Job Description
We are defining the technological landscape for the year 2026 and beyond. Nexus Horizon is seeking a visionary Senior AI Infrastructure Engineer to architect the resilient backbone of our next-generation artificial intelligence systems. You will be responsible for designing scalable, high-performance infrastructure that supports rapid model deployment and data processing at an unprecedented scale.
In this role, you will bridge the gap between cutting-edge AI research and robust engineering practices, ensuring our systems are ready for the demands of the future.
Responsibilities
- Architect and maintain high-performance GPU clusters and distributed computing environments optimized for Large Language Models (LLMs).
- Design fault-tolerant infrastructure capable of handling exabyte-scale data growth and traffic spikes.
- Implement advanced auto-scaling strategies and edge computing solutions for global latency reduction.
- Collaborate with ML researchers to optimize model inference latency and resource utilization.
- Oversee cloud migration strategies and hybrid cloud architectures using AWS, GCP, or Azure.

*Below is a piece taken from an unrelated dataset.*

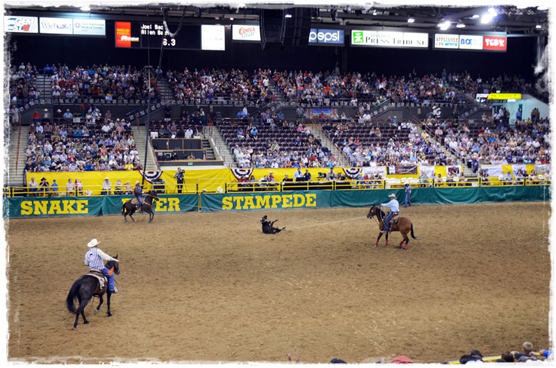 前几天带孩纸去看了一次rodeo,中文应该叫个牛仔竞技比赛。俺家老板在那个场子有四个固定座位,不管有什么活动他都有购买优先权。所以每年到七月份办公室里就问谁去看。今年又是俺们这个赛区的百年纪念所以显得格外隆重,这个赛区的全名叫snake river stampede,1915-2015。全国有800多个职业牛仔竞技,俺们村这个能排上前十,所以也算是比较牛叉地!你们城里人可能会有人觉得这个比赛有虐待牛牛的嫌疑,可实际情况是这些个技能在养牛场大多还有用武之地。这也是美国农业文化的一部分。也是广大牛仔、牛妹们显摆各自牛仔装束 - 牛仔帽、牛仔靴、牛仔裤(这个就全靠看身材了!)- 的一个重要场所!

- Ensure end-to-end security, compliance, and data sovereignty for all 2026 roadmap initiatives.
Qualifications
- 8+ years of experience in systems engineering, DevOps, or infrastructure architecture with a focus on AI/ML.
- Deep expertise in Python, Kubernetes, Docker, Terraform, and CI/CD pipelines.
- Proven experience managing large-scale production environments with 10k+ nodes.
- Strong understanding of AI/ML frameworks (PyTorch, TensorFlow) and hardware acceleration (NVIDIA GPUs).
- Experience with high-availability systems, database optimization, and cloud-native technologies.
- Masterβs degree in Computer Science, Engineering, or a related technical field.